Work request
Begin at the line containing "至此大家想必也大致了解了圖三" and copy exactly through the last line of the listing, skipping every picture.

=====

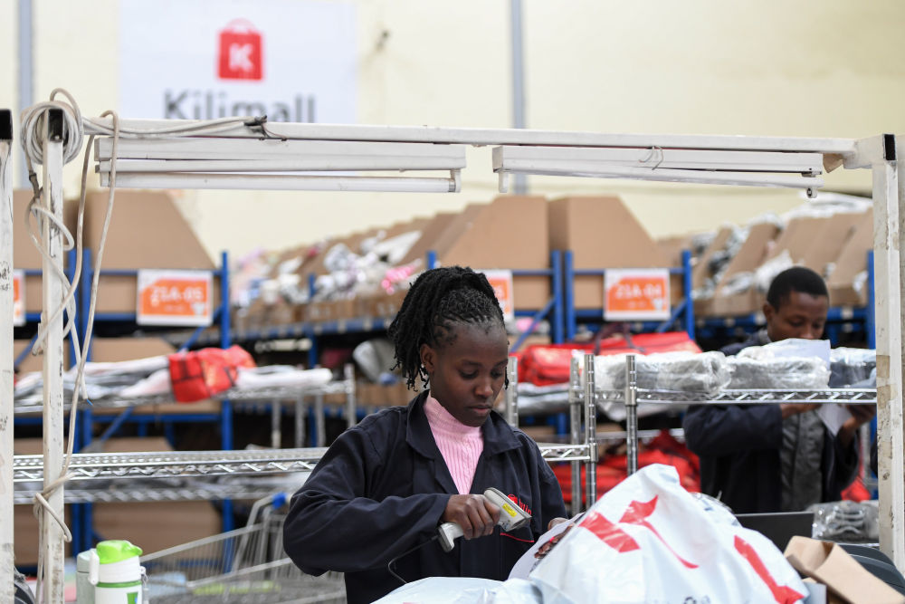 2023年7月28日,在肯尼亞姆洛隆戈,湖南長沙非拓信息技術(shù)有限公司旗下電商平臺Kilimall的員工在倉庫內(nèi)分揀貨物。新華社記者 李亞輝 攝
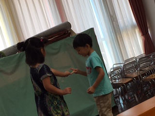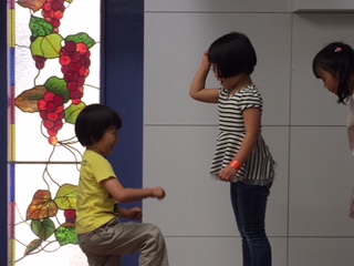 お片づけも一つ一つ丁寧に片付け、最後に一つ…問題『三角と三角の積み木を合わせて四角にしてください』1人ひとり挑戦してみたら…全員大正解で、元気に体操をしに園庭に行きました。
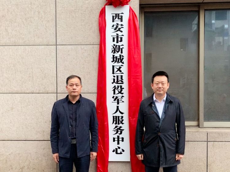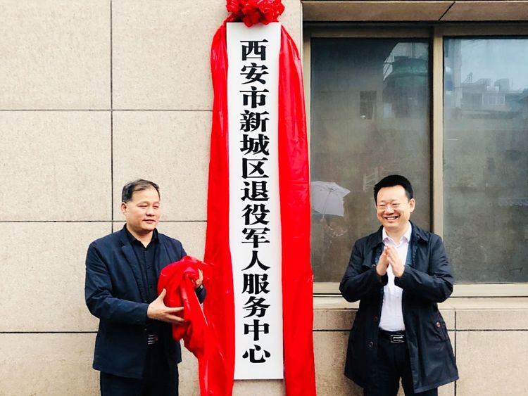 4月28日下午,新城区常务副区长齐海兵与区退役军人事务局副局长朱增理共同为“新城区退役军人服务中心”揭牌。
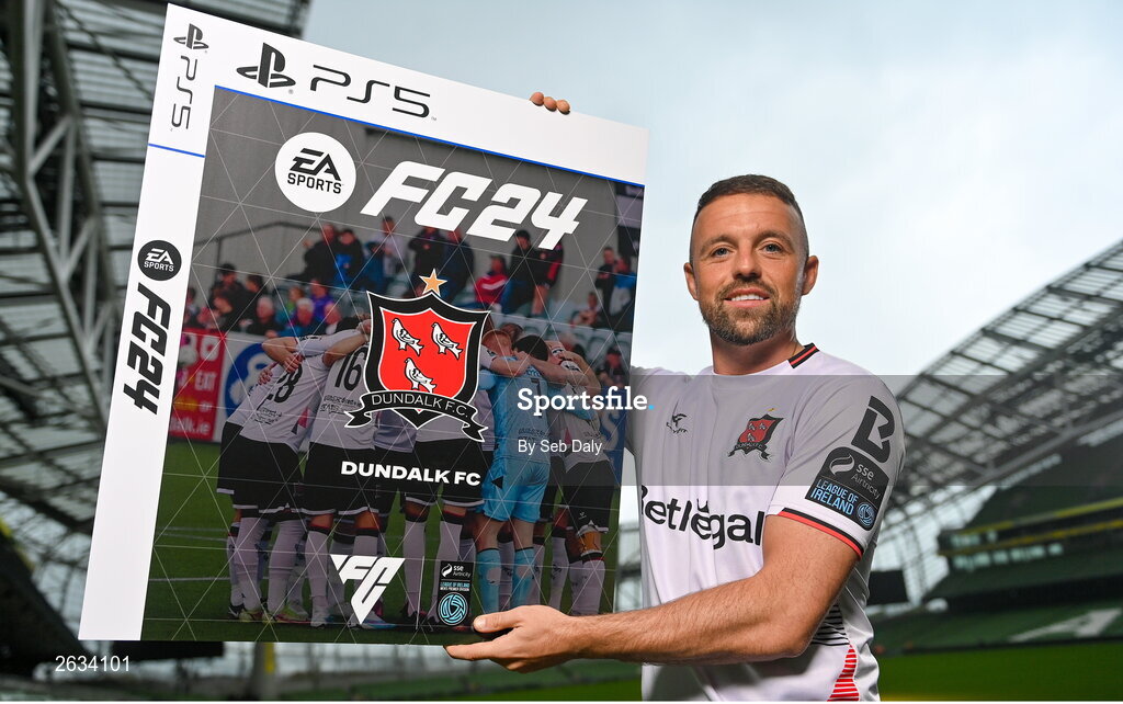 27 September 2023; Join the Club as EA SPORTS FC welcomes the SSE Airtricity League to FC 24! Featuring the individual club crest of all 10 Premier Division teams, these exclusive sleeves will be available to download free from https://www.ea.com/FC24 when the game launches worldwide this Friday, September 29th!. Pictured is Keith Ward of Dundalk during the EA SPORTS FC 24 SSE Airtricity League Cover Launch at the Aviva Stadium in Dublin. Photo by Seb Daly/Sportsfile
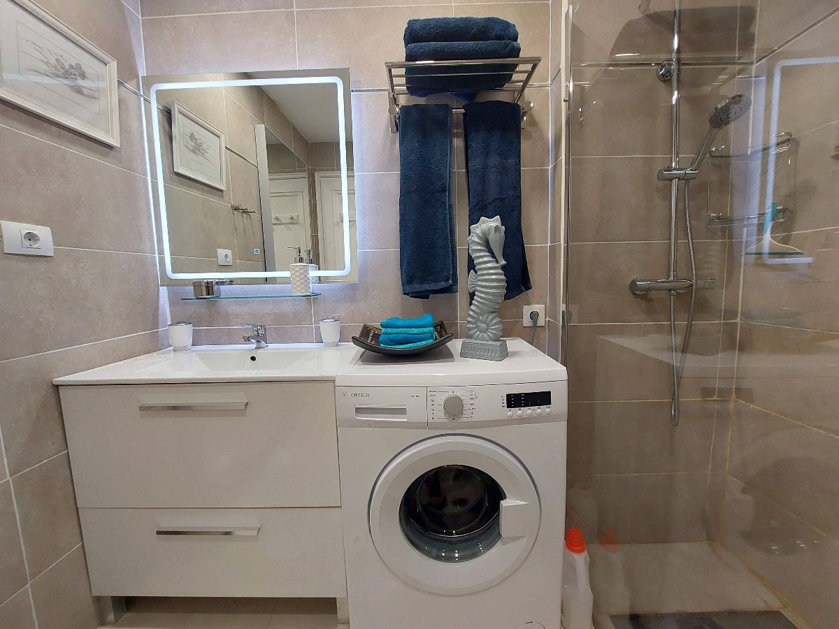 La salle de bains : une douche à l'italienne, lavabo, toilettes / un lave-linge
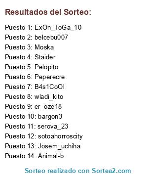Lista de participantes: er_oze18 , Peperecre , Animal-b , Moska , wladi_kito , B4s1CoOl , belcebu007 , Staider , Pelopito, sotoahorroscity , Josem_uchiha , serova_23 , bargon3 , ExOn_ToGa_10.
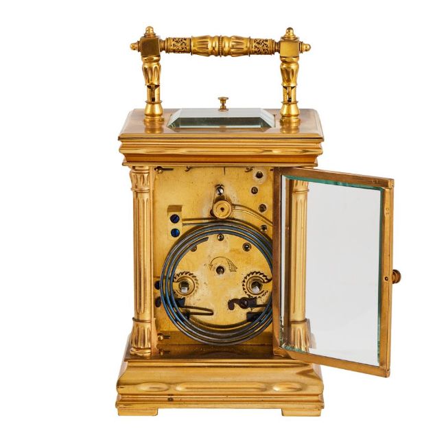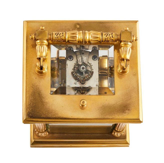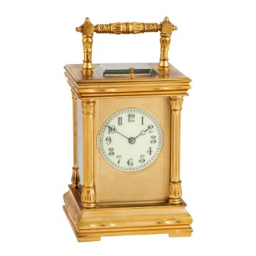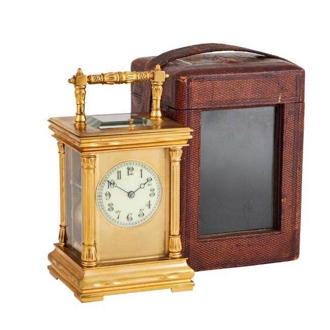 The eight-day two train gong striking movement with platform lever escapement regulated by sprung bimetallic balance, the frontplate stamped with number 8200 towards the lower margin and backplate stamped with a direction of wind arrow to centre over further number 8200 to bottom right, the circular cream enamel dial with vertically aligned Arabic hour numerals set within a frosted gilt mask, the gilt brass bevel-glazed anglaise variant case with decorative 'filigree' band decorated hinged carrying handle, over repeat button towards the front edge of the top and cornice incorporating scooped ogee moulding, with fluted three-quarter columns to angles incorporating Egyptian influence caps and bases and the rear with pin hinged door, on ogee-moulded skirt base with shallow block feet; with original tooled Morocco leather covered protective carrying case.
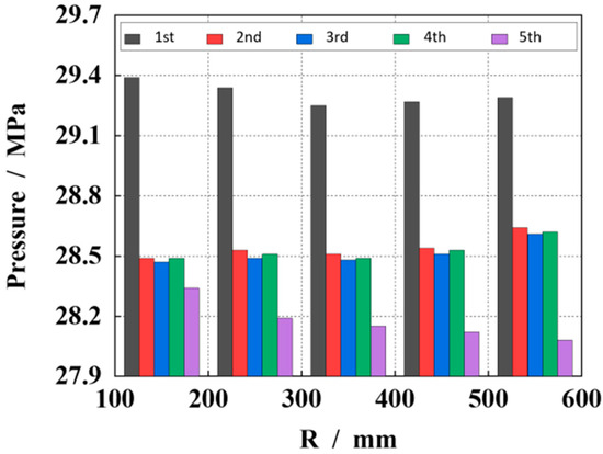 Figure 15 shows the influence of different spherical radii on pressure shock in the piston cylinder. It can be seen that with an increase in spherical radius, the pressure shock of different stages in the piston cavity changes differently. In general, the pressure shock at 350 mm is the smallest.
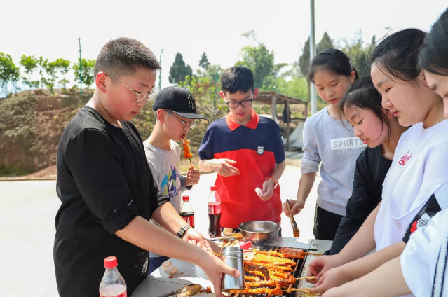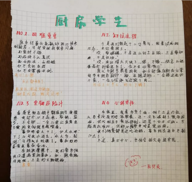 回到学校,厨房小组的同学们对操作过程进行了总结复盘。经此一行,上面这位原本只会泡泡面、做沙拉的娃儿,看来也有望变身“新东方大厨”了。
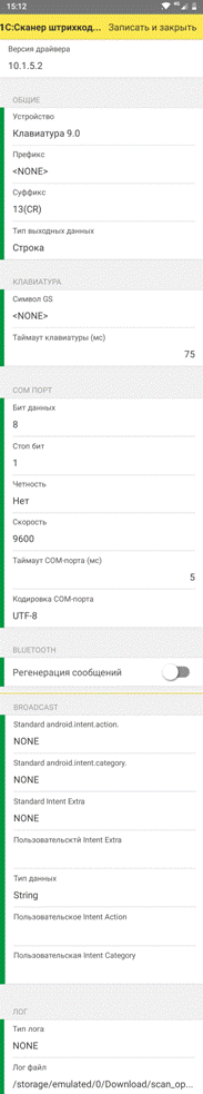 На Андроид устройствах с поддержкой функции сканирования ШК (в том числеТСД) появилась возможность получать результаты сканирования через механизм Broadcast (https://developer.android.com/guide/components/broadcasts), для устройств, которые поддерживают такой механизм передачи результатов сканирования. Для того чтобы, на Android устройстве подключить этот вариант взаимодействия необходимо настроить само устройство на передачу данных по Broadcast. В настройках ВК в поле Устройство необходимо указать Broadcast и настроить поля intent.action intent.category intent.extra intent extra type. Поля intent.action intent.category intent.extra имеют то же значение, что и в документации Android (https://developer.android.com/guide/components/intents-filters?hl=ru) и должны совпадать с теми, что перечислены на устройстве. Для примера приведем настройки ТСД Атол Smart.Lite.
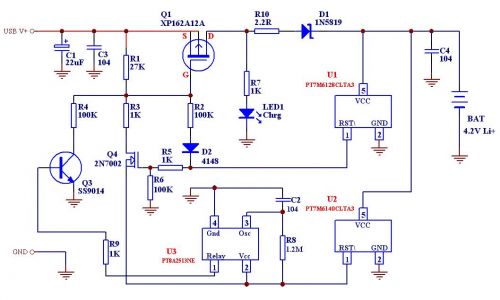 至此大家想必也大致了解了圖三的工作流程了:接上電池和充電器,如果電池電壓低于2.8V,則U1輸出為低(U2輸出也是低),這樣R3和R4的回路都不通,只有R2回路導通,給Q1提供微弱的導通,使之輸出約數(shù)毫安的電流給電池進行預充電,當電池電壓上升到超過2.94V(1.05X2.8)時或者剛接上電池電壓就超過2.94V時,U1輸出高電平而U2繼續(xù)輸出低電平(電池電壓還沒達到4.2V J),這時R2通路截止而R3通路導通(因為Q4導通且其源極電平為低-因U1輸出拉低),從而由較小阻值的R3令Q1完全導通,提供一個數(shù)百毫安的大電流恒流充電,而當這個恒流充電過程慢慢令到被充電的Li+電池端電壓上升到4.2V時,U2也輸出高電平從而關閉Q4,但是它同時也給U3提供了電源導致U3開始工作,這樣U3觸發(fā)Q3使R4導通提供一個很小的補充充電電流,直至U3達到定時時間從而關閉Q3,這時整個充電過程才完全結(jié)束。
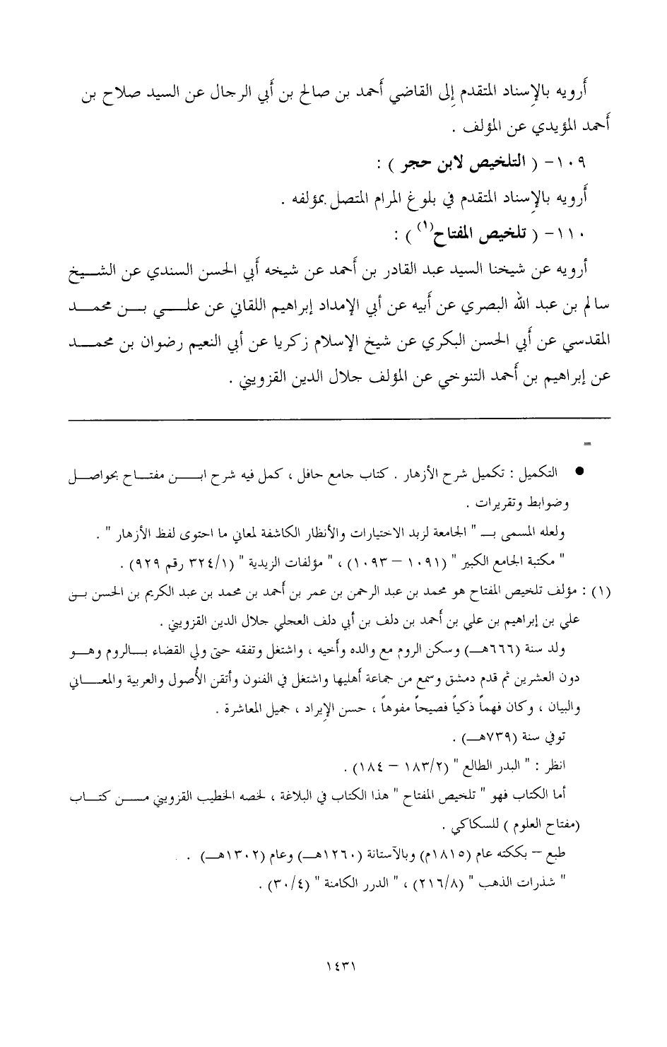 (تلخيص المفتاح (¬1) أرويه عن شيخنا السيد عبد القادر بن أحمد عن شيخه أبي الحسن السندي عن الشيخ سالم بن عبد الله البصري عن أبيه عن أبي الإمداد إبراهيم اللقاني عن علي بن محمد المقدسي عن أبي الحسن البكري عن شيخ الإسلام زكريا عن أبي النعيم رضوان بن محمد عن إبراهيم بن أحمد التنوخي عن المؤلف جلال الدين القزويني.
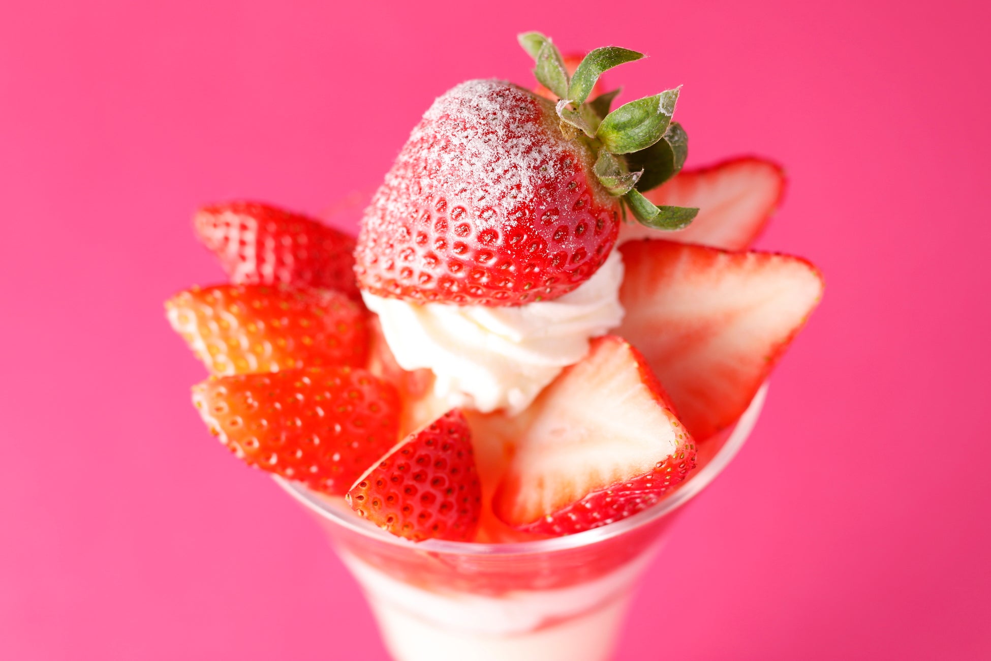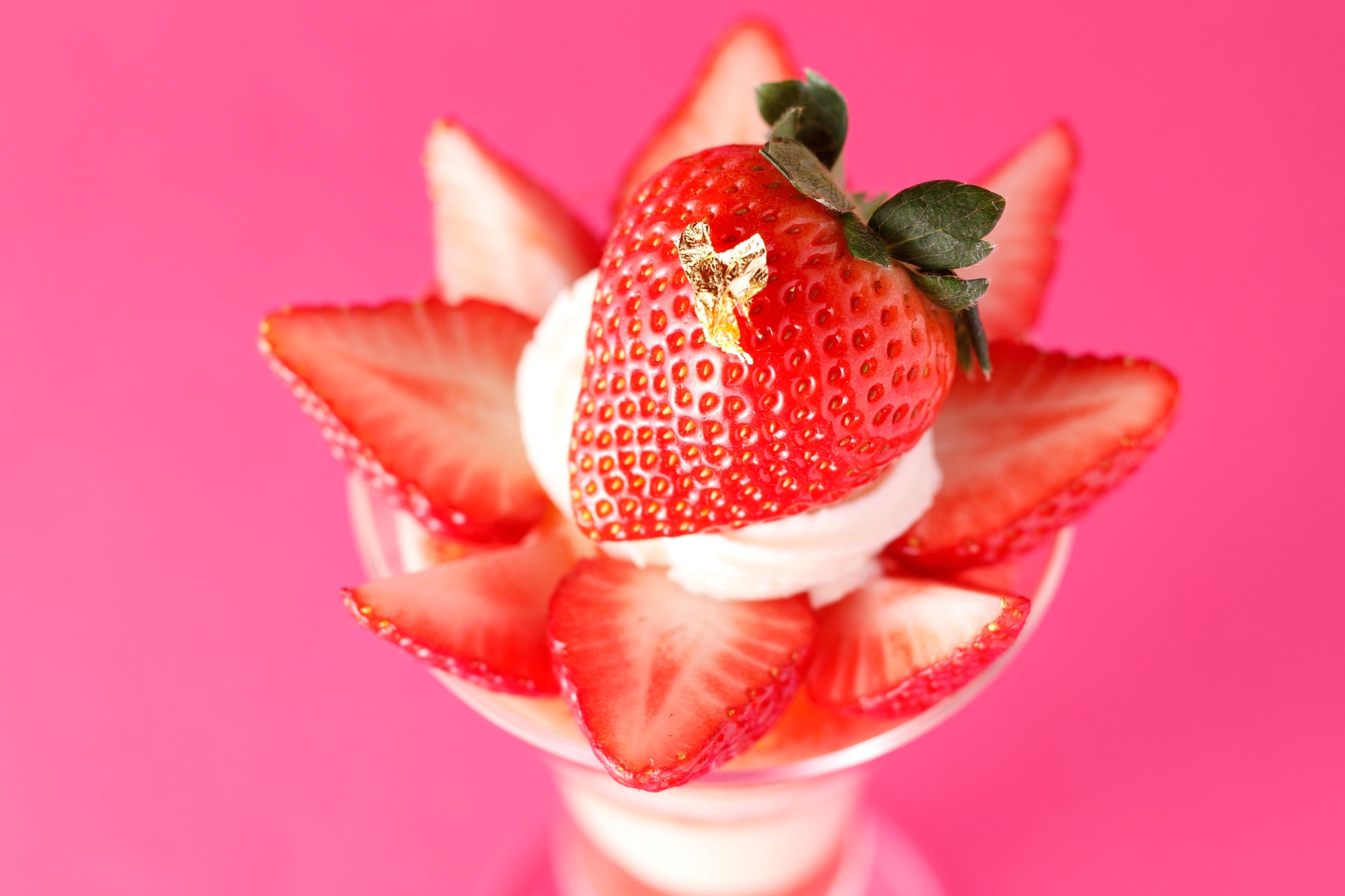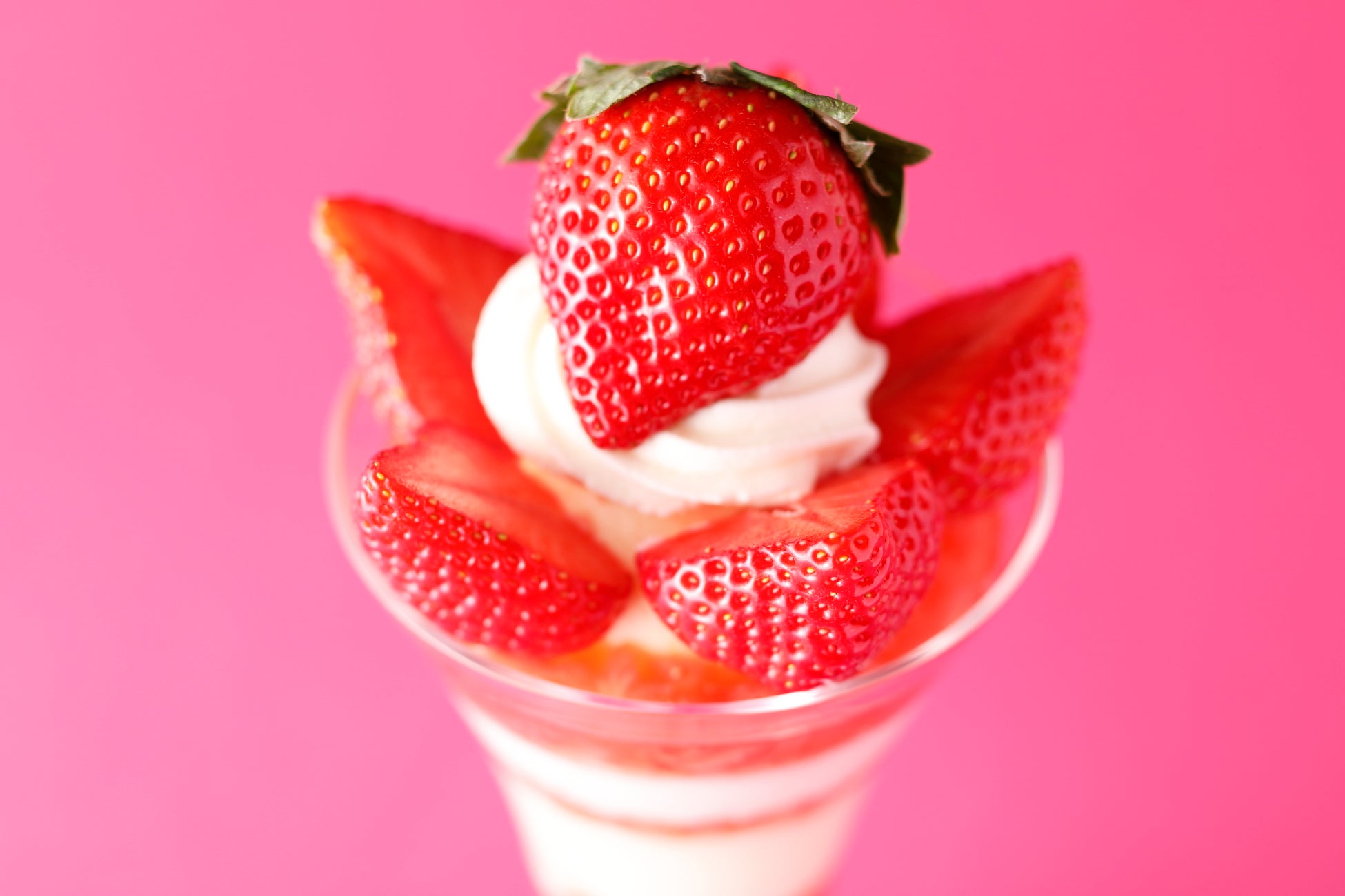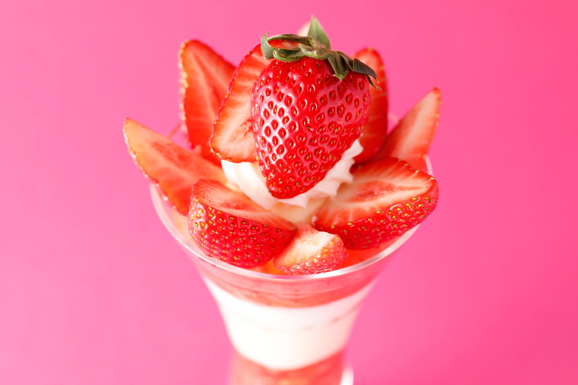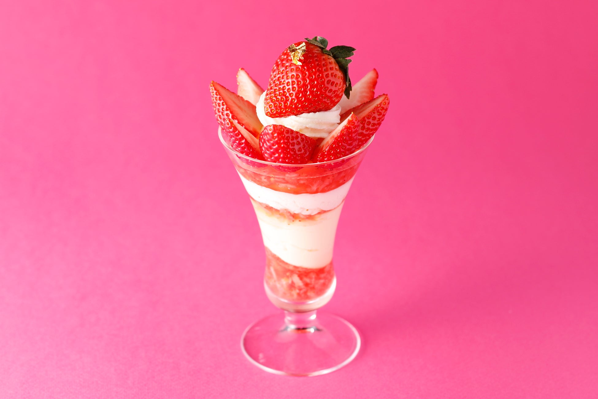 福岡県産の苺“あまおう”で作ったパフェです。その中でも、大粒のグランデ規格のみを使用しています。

=====

Task solution
 至此大家想必也大致了解了圖三的工作流程了:接上電池和充電器,如果電池電壓低于2.8V,則U1輸出為低(U2輸出也是低),這樣R3和R4的回路都不通,只有R2回路導通,給Q1提供微弱的導通,使之輸出約數(shù)毫安的電流給電池進行預充電,當電池電壓上升到超過2.94V(1.05X2.8)時或者剛接上電池電壓就超過2.94V時,U1輸出高電平而U2繼續(xù)輸出低電平(電池電壓還沒達到4.2V J),這時R2通路截止而R3通路導通(因為Q4導通且其源極電平為低-因U1輸出拉低),從而由較小阻值的R3令Q1完全導通,提供一個數(shù)百毫安的大電流恒流充電,而當這個恒流充電過程慢慢令到被充電的Li+電池端電壓上升到4.2V時,U2也輸出高電平從而關閉Q4,但是它同時也給U3提供了電源導致U3開始工作,這樣U3觸發(fā)Q3使R4導通提供一個很小的補充充電電流,直至U3達到定時時間從而關閉Q3,這時整個充電過程才完全結(jié)束。
 (تلخيص المفتاح (¬1) أرويه عن شيخنا السيد عبد القادر بن أحمد عن شيخه أبي الحسن السندي عن الشيخ سالم بن عبد الله البصري عن أبيه عن أبي الإمداد إبراهيم اللقاني عن علي بن محمد المقدسي عن أبي الحسن البكري عن شيخ الإسلام زكريا عن أبي النعيم رضوان بن محمد عن إبراهيم بن أحمد التنوخي عن المؤلف جلال الدين القزويني.
 福岡県産の苺“あまおう”で作ったパフェです。その中でも、大粒のグランデ規格のみを使用しています。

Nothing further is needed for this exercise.